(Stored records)
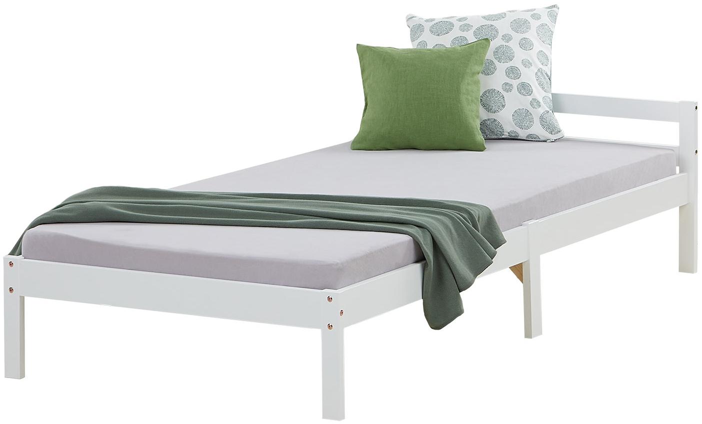 Unser komfortables Holzbett 90x200 cm begeistert vor allem durch seine natürliche Schönheit, dem zeitlosen Design und der stabilen Verarbeitung. Ob im Schlafzimmer, Jugendzimmer oder Gästezimmer - das Bett lässt sich aufgrund seines dezenten Designs perfekt in jeden Schlafraum integrieren. Passend zum Bettgestell gibt es ein Rolllattenrost kostenfrei dazu. Die Matratze sowie Dekoration sind nicht inklusive. • Einzelbett 90x200 cm • Bettgestell mit Lattenrost • abgerundete Kanten und Pfosten **Maße**: • Liegefläche: 90x200 cm • Bett Außenmaß (B x T): 96x206 cm • Höhe Kopfteil: 50 cm • Oberkante Bettseite: 30,5 cm • Stauhöhe unter dem Bett: 21 cm • Einlegetiefe Matratze: 3,5 cm • Materialstärke: 20 mm • Rollrost: 13 Leisten **Material & Farbe:** • Kiefernholz • weiß lackiert
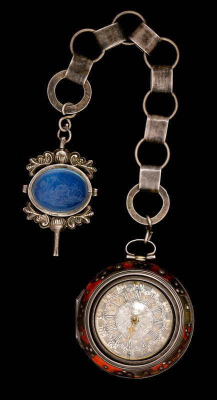 59.00 mm outer case diameter, intricate silver dial with gold accents, Roman chapter ring and outer register calibrated to 60 units signed TARTS, gilt Louis XIV hand (hour only), hinged swing out verge movement, three arm balance, pierced and engraved gilt balance cock, square baluster pillars, middle silver repousse case depicting a coronation scene within a scrollwork surround, outer case with faux tortoiseshell motif, circular and banded link chain with ornate terminal set with an oval etched glass pane.
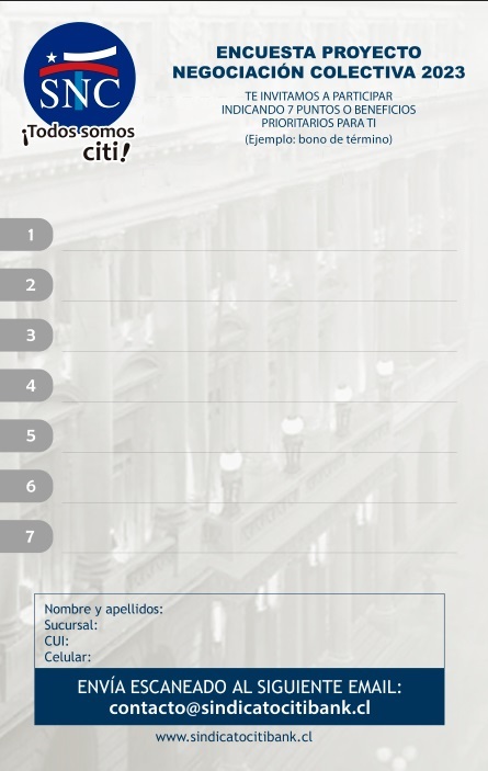 Es la participación de los socios y socias en la encuesta de 7 puntos enviada por el sindicato a tu email laboral.
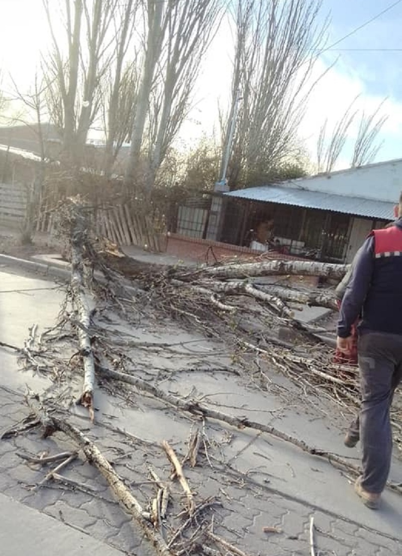 Malargüe: Árboles caídos, techos volados y postes derribados por el Zonda.
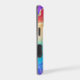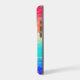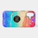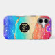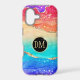 This elegant phone case features your two letter monogram in gold at the centre of a black circle banner that is double framed in gold. The banner is placed on a vibrant rainbow colour abstract background. Colours used include pink, orange, purple, aqua, tan, and blue, with tiny silver and gold faux glitter confetti.
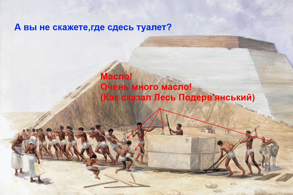 Египтологи умные пацаны! Когда им сказали"Вы идиоты хоть что то о трении слышали?Как то не очень легко тащить каменюку по песку. На что сразу получили ответ"А они маслом все поливали,так на много легче тянуть" На первый взгляд да,все замечательно! Но ! Легко тянуть только тем кто тянет первый камень,все остальные будут идти по облитой маслом замле! Масло будет литься рекой,его не возможно убрать с камней или засыпать песком. Уже через неделю все превратится в маслянную кашу. Но это неглавное!На такой жаре масло начнет портится! А это привлечет много мух! Их будет столько,что солнца не увидите! А вы там заметили туалеты? Ой не смешите меня! Процесс непрерывный,останавливаться нельзя! А значит сцать и срать будут под ноги! Через месяц там будет по колено говна ,мочи смешанные маслом! А это мероприятие 30 лет продолжалось!! А что там руки мыли? И что не будет эпидемии? Ну хотя бы банальной дезентерии,не говорю уже о желтухе триппере и прочей инфекции. Блин! да от элементарного ОРВИ половина строителей сдохнет! А вы говорите космос,технологии. А срать то где??????????????????????????????
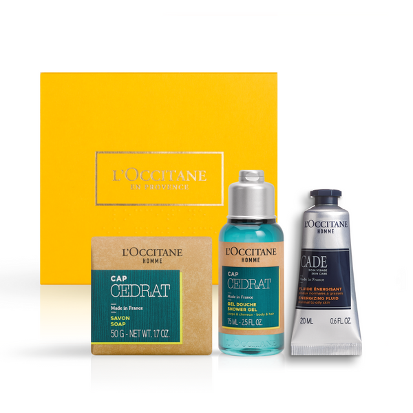 Osvežavajuća nega u praktičnom pakovanju! Cap Cedrat gel za tuširanje (75 ml) i sapun (50 g) donose citrusnu svežinu i energiju, dok Cade fluid za lice (20 ml) hidrira i umiruje kožu. Savršen poklon u elegantnoj mini kutiji – idealan za muškarce koji vole jednostavnu, ali efikasnu negu.
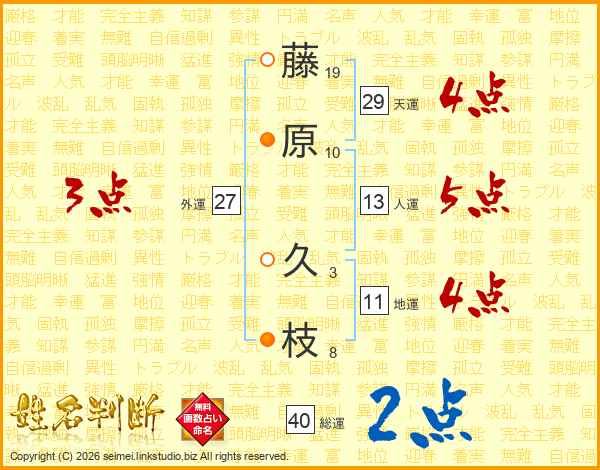 藤(19画)原(10画) 久(3画)枝(8画)

▶ EXERCISE OBJECTIVE
Every line from the one with "Malargüe: Árboles caídos, techos" through the one with "This elegant phone" is to be reproduced exactly as written above, and the pictures are to be dropped.

▶ RESPONSE TO THE EXERCISE
 Malargüe: Árboles caídos, techos volados y postes derribados por el Zonda.
 This elegant phone case features your two letter monogram in gold at the centre of a black circle banner that is double framed in gold. The banner is placed on a vibrant rainbow colour abstract background. Colours used include pink, orange, purple, aqua, tan, and blue, with tiny silver and gold faux glitter confetti.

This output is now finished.